**TASK REQUIREMENTS:**
Using the data below, return word for word every line from the one holding "Beschreibung: Vermutlich die" down to the one holding "1、土豆削皮切滾刀塊,泡清水". Leave pictures out.

[Stored items from a collection]
• • • • •

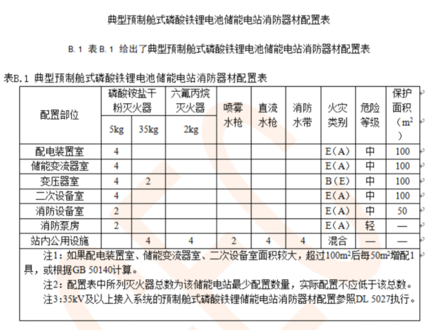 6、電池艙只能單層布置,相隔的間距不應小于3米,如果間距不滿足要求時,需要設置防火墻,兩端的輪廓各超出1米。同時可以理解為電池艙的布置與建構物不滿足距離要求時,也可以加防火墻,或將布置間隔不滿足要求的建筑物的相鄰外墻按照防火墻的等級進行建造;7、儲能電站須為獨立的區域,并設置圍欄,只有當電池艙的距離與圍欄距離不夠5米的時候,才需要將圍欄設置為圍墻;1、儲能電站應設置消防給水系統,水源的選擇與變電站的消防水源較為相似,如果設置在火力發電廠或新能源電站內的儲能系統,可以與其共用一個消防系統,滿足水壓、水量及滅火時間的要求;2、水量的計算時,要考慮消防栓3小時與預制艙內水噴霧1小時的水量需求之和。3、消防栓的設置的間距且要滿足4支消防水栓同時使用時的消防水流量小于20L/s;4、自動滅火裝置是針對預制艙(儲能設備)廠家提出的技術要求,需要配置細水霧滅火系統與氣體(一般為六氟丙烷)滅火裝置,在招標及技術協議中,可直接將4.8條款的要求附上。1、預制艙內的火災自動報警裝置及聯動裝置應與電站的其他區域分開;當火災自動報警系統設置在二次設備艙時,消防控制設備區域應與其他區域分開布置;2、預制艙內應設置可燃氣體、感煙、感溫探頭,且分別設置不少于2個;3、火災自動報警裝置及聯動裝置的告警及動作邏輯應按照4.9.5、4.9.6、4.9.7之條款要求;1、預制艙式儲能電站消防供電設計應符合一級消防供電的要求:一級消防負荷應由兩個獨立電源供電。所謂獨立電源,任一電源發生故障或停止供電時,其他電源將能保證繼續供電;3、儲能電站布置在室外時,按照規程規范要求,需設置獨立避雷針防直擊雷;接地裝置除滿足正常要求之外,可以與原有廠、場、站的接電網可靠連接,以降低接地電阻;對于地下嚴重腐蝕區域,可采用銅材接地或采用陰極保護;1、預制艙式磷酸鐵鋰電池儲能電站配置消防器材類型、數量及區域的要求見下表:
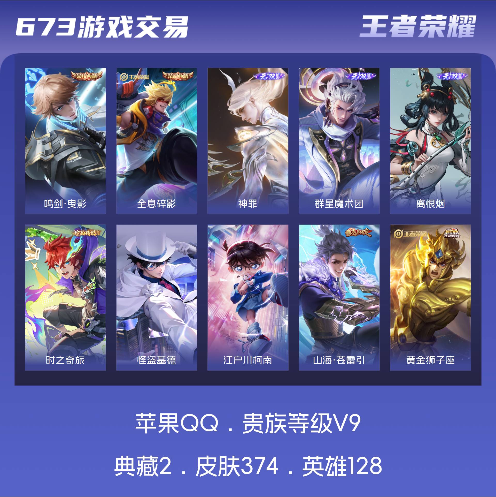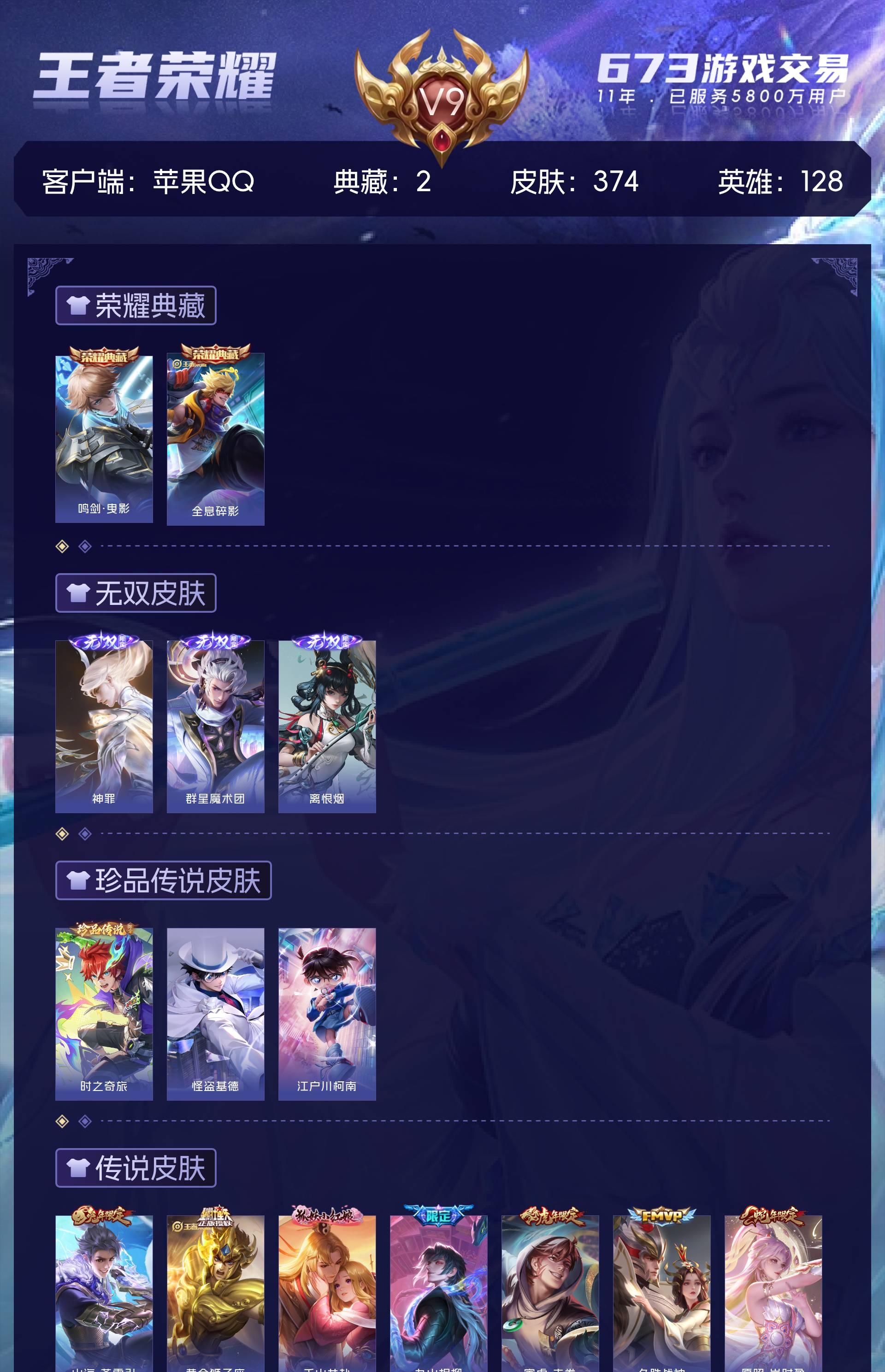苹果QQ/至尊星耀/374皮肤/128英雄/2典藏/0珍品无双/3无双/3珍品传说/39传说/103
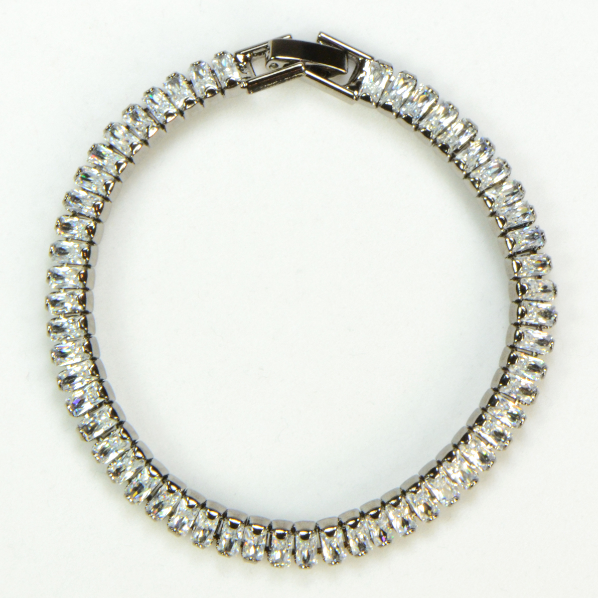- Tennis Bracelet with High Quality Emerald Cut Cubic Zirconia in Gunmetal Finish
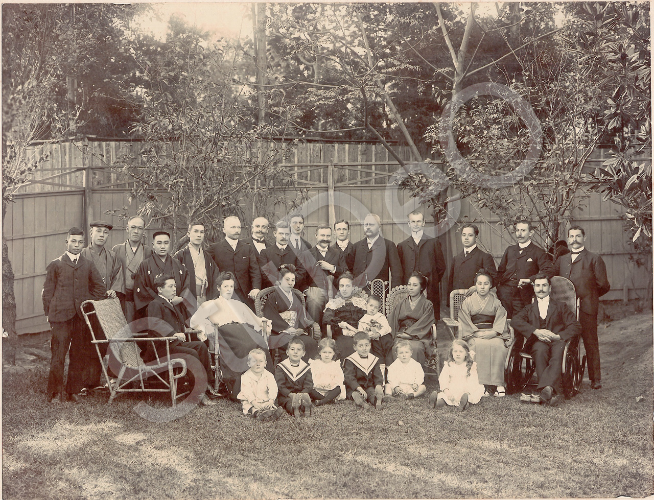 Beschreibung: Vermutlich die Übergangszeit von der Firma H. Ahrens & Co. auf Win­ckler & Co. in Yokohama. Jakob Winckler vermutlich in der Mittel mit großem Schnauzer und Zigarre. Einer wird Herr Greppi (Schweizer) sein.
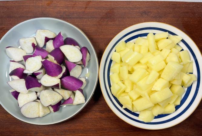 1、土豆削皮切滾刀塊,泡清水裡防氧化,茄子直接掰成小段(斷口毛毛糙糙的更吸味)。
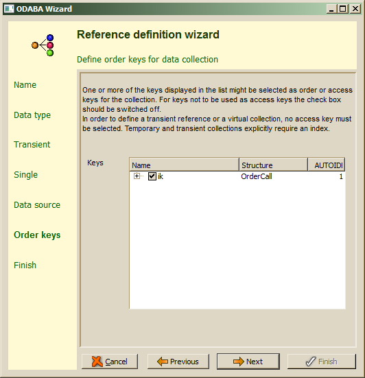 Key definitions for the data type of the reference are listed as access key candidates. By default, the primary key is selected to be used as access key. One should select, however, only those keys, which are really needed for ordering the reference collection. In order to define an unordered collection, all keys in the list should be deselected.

• • • • •

**RESPONSE AREA:**
 Beschreibung: Vermutlich die Übergangszeit von der Firma H. Ahrens & Co. auf Win­ckler & Co. in Yokohama. Jakob Winckler vermutlich in der Mittel mit großem Schnauzer und Zigarre. Einer wird Herr Greppi (Schweizer) sein.
 1、土豆削皮切滾刀塊,泡清水裡防氧化,茄子直接掰成小段(斷口毛毛糙糙的更吸味)。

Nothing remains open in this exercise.